# Hiker dies in Franconia Notch Accident



## MichaelJ (Oct 9, 2005)

News Story

So sad. My thoughts are with her friends and family.

It's a sobering reminder that hiking, despite how we think of it as so different from climbing and mountaineering, is still not without risk.


----------



## thetrailboss (Oct 9, 2005)

I heard that on the news last night...kind of bizarre IMHO.  She was underneath the Tram when it happened.


----------



## riverc0il (Oct 9, 2005)

was it definitely under teh tram?  the article linked above is pretty vague in saying _"The location is a quarter-mile above the Cannon Mountain tramway."_  it also mentions she was found in a brook drainage, obvious the path of the tram is not a brook drainage.  definitely would like a little more information than provided in the above linked article.
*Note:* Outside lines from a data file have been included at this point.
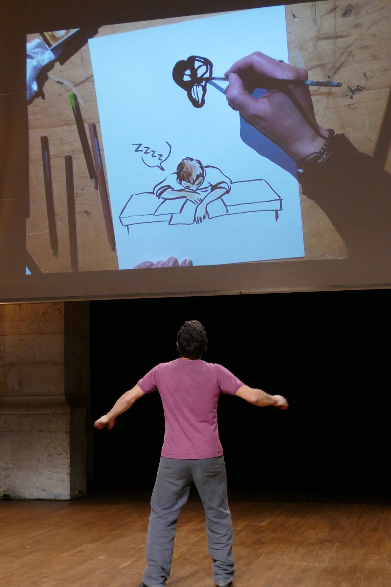 A mi-chemin entre théâtre et performance, il mélange l’art de la scène et la bande-dessinée. Les personnages prennent vie grâce au jeu des comédiens et aux dessins de l’illustrateur qui s’animent en temps réel sur écran géant.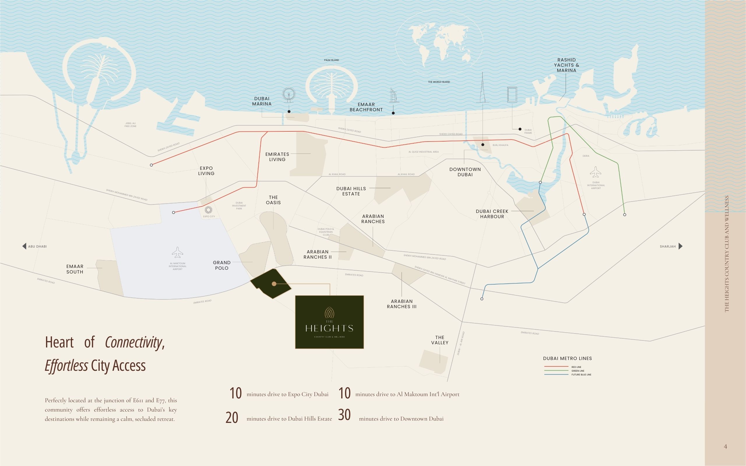 • Prime location near Expo City Dubai, with direct access to Emirates Road (E611) and Sheikh Mohammed Bin Zayed Road (E311)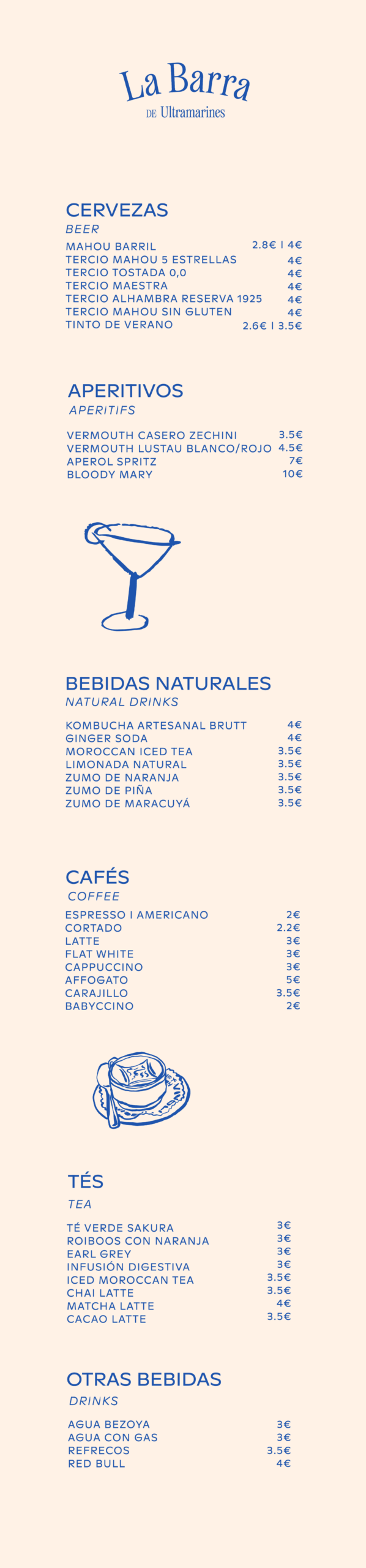 El local revisita el bar madrileño con una sensibilidad actual que esquiva tópicos y rehúye la asepsia moderna. El hormigón visto se mantiene como huella original y encuentra equilibrio en el granito, la madera y el latón, materiales cálidos y atemporales. Mobiliario y luminarias, inspirados en el diseño europeo de mediados del siglo XX, acompañan una intervención gráfica que dota de personalidad a La Barra de Ultramarines sin comprometer la sobriedad buscada.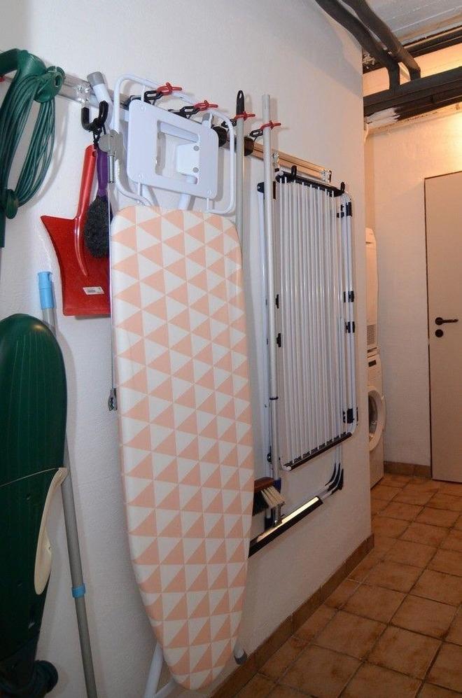 hier steht eine Waschhmaschine und Trockner zur Verfügung. Ein Regal für Vorratshaltung und zusätzlich ein kleiner Tiefkühlschrank sowie eine Dampf-Bügelstation..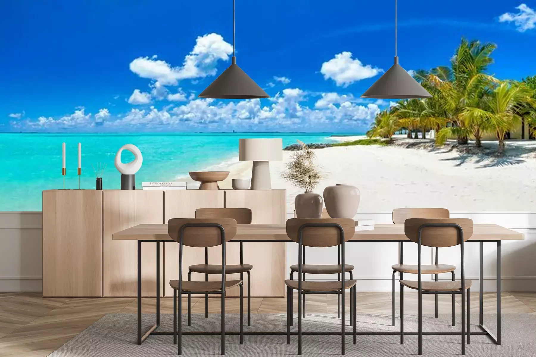 Het materiaal Premium+ is een gestructureerd vinyl op vlies met een gewicht van 255 g/m², dat kleine oneffenheden in de muur effectief camoufleert. De subtiele structuur van fijn zand geeft het oppervlak een exclusieve uitstraling, terwijl de halfmatte afwerking de diepte van de kleuren benadrukt. Het materiaal is dampdoorlatend, waardoor het ook in de keuken en badkamer kan worden gebruikt. De maximale breedte van één baan bedraagt 100 cm – bij grotere afmetingen wordt het fotobehang in meerdere gelijke banen verdeeld. De lijm wordt direct op de muur aangebracht en het behang wordt rand-aan-rand geplakt, wat zorgt voor een esthetisch resultaat zonder zichtbare naden. Het oppervlak kan gemakkelijk worden schoongemaakt door het voorzichtig af te nemen met een vochtige doek.

regardless of location, a very sad incident.  pretty rare in the whites that someone dies while hiking not due to weather related issues.


----------



## thetrailboss (Oct 9, 2005)

riverc0il said:
			
		

> was it definitely under teh tram?  the article linked above is pretty vague in saying _"The location is a quarter-mile above the Cannon Mountain tramway."_  it also mentions she was found in a brook drainage, obvious the path of the tram is not a brook drainage.  definitely would like a little more information than provided in the above linked article.
> 
> regardless of location, a very sad incident.  pretty rare in the whites that someone dies while hiking not due to weather related issues.



The WCAX news gave me the impression that she was 'underneath the tram line' which seemed unusual IMHO.  Cannon was a tougher hike IMHO...steep terrain.


----------



## MtnMagic (Oct 10, 2005)

I too watched the WCAX news which reported it twice on Saturday night. It reported,"The body of a female hiking solo was found under the tram where few hikers go." Which is different from the article in Michael's link


----------



## Mike P. (Oct 10, 2005)

Very sad indeed, missing since Wednesday?  over the weekend anything with a slope resembled a brook drainage.


----------



## swampyankee (Oct 16, 2005)

A friend that was involved in the search told me that the body was actually spotted by someone on the tram. At the time it wasn't certain if she died where she was found or was moved there by the fast moving water.


----------



## Mike P. (Oct 18, 2005)

Welcome over here swampyankee, 1st post.


----------



## MichaelJ (Oct 19, 2005)

Heya Swamp! Welcome!


----------